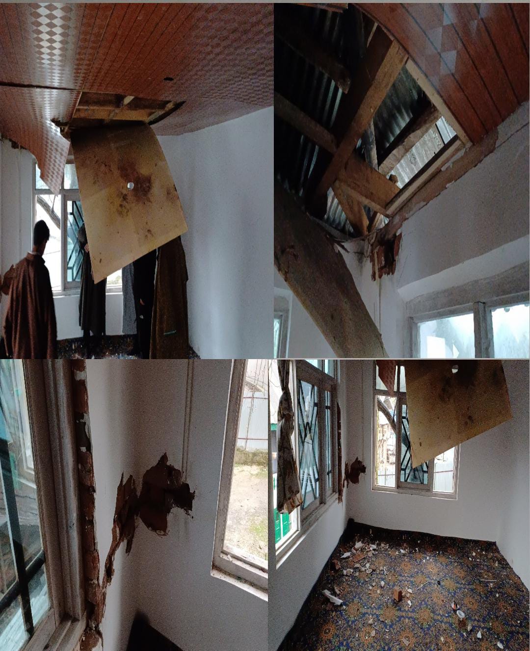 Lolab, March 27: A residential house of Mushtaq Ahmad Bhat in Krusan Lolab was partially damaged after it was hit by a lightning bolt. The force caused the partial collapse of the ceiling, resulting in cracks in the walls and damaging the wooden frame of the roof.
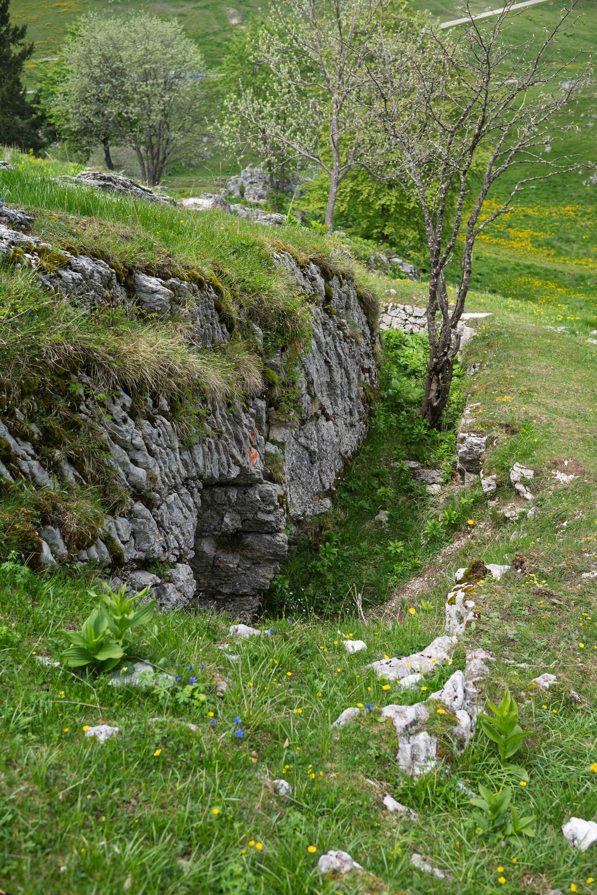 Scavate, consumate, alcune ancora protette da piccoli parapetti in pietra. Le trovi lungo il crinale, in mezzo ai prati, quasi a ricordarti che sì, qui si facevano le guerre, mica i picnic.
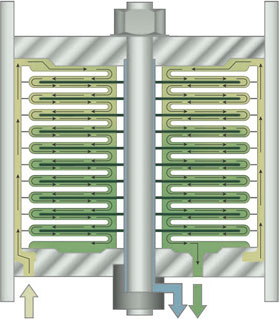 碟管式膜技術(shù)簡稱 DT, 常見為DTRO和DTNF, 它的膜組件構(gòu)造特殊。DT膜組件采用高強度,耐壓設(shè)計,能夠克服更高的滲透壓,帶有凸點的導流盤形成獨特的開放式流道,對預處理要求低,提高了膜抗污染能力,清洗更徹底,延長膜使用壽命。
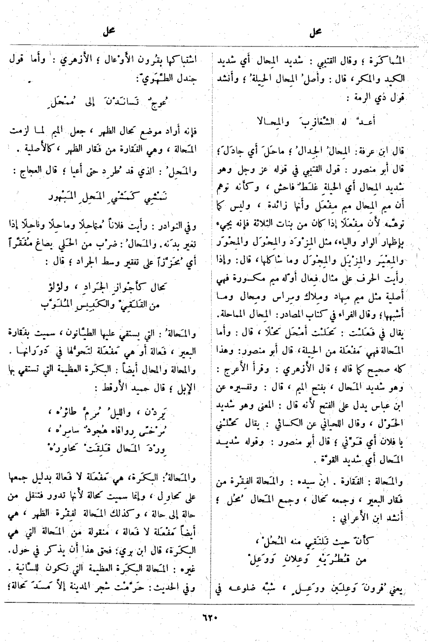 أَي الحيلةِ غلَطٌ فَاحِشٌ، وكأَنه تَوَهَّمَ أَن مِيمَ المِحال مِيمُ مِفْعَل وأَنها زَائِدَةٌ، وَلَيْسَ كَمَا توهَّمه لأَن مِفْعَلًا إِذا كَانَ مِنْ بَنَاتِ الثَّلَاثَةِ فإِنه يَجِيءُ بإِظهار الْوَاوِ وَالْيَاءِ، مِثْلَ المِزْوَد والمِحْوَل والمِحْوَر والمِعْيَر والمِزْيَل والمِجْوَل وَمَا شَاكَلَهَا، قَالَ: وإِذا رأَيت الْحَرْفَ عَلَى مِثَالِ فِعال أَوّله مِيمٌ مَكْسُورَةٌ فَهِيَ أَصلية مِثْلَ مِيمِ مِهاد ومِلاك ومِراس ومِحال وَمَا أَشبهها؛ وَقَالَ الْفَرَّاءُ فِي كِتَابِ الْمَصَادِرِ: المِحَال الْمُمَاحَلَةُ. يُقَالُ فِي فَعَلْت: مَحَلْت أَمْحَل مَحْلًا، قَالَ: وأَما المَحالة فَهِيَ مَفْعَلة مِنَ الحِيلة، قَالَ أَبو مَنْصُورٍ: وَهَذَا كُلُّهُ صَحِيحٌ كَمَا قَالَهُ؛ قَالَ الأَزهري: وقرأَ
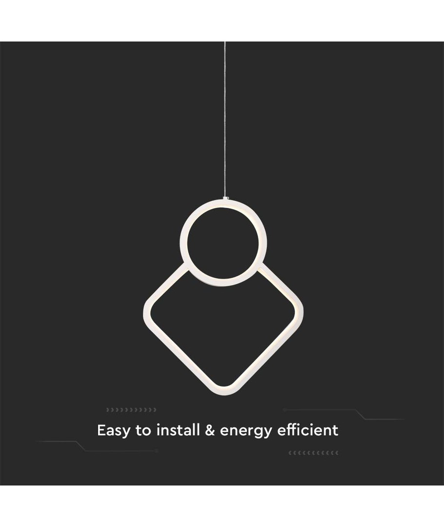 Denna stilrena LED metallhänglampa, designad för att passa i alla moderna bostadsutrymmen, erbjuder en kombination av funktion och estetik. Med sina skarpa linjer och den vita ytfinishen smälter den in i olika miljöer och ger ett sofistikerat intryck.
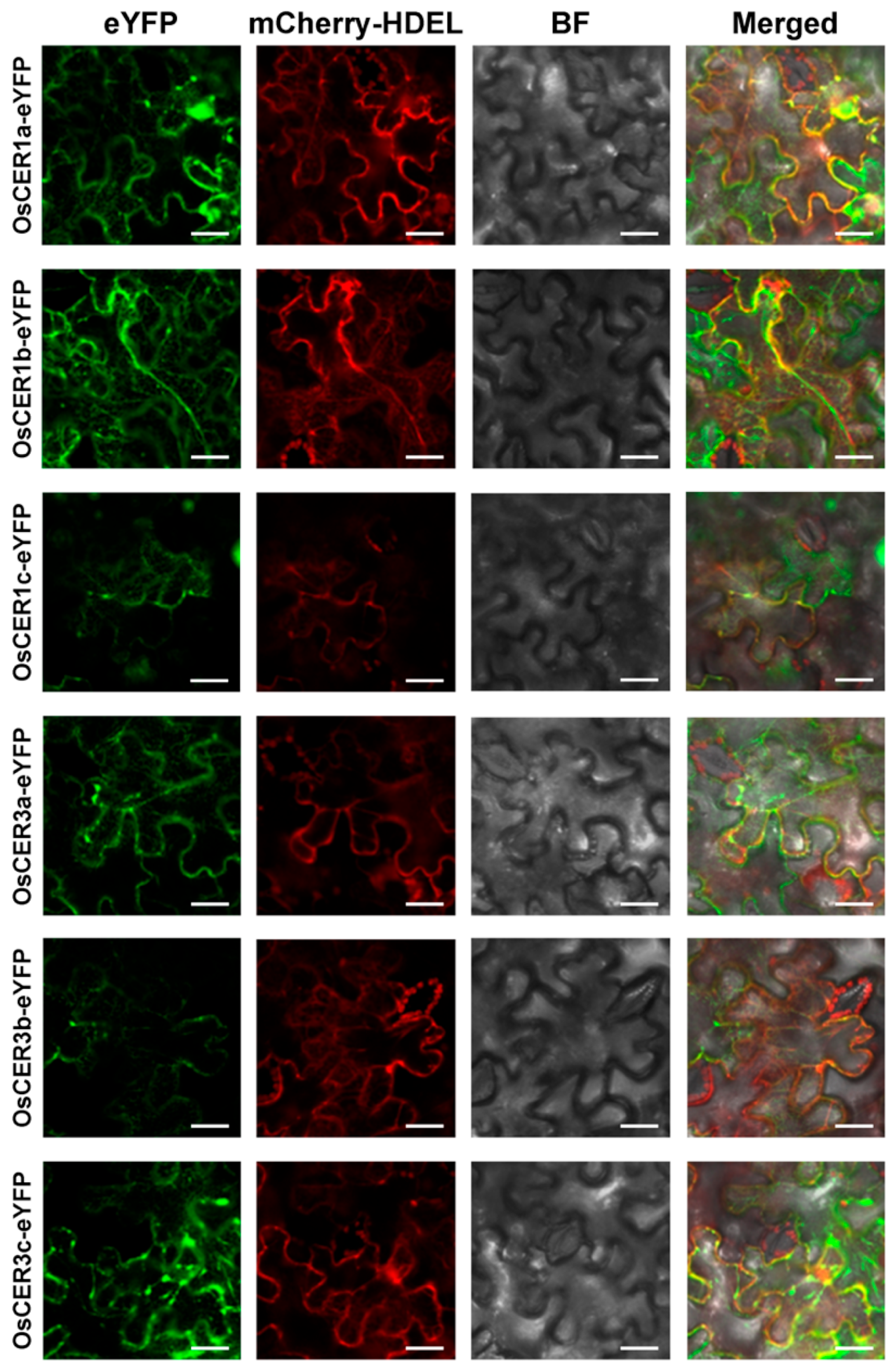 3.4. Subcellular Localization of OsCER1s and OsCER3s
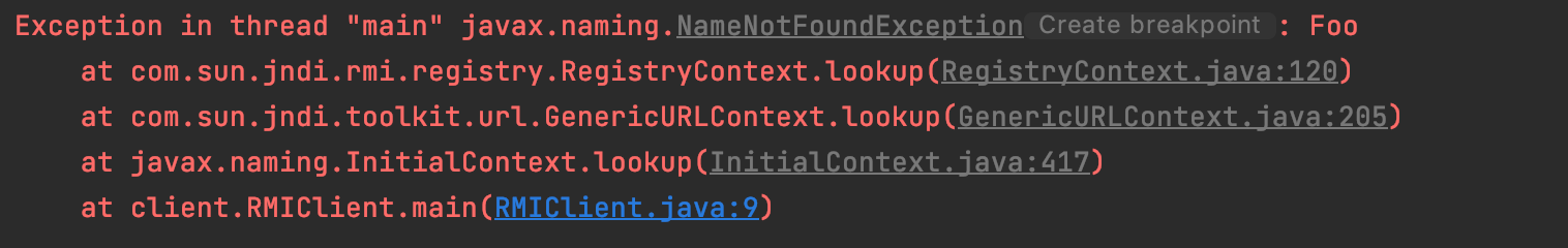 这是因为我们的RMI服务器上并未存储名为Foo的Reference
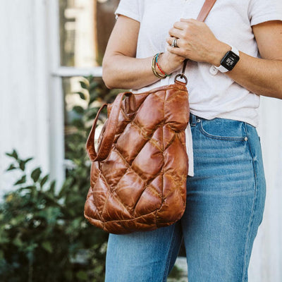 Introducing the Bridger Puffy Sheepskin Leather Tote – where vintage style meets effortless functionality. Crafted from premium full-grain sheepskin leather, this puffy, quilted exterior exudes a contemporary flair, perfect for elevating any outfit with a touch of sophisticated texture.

━━━━━━━━

Lines from the one containing "أَي الحيلةِ غلَطٌ" through the end of the listing, both included, are to be restated exactly, and pictures are to be left out.

Problem solution:
 أَي الحيلةِ غلَطٌ فَاحِشٌ، وكأَنه تَوَهَّمَ أَن مِيمَ المِحال مِيمُ مِفْعَل وأَنها زَائِدَةٌ، وَلَيْسَ كَمَا توهَّمه لأَن مِفْعَلًا إِذا كَانَ مِنْ بَنَاتِ الثَّلَاثَةِ فإِنه يَجِيءُ بإِظهار الْوَاوِ وَالْيَاءِ، مِثْلَ المِزْوَد والمِحْوَل والمِحْوَر والمِعْيَر والمِزْيَل والمِجْوَل وَمَا شَاكَلَهَا، قَالَ: وإِذا رأَيت الْحَرْفَ عَلَى مِثَالِ فِعال أَوّله مِيمٌ مَكْسُورَةٌ فَهِيَ أَصلية مِثْلَ مِيمِ مِهاد ومِلاك ومِراس ومِحال وَمَا أَشبهها؛ وَقَالَ الْفَرَّاءُ فِي كِتَابِ الْمَصَادِرِ: المِحَال الْمُمَاحَلَةُ. يُقَالُ فِي فَعَلْت: مَحَلْت أَمْحَل مَحْلًا، قَالَ: وأَما المَحالة فَهِيَ مَفْعَلة مِنَ الحِيلة، قَالَ أَبو مَنْصُورٍ: وَهَذَا كُلُّهُ صَحِيحٌ كَمَا قَالَهُ؛ قَالَ الأَزهري: وقرأَ
 Denna stilrena LED metallhänglampa, designad för att passa i alla moderna bostadsutrymmen, erbjuder en kombination av funktion och estetik. Med sina skarpa linjer och den vita ytfinishen smälter den in i olika miljöer och ger ett sofistikerat intryck.
 3.4. Subcellular Localization of OsCER1s and OsCER3s
 这是因为我们的RMI服务器上并未存储名为Foo的Reference
 Introducing the Bridger Puffy Sheepskin Leather Tote – where vintage style meets effortless functionality. Crafted from premium full-grain sheepskin leather, this puffy, quilted exterior exudes a contemporary flair, perfect for elevating any outfit with a touch of sophisticated texture.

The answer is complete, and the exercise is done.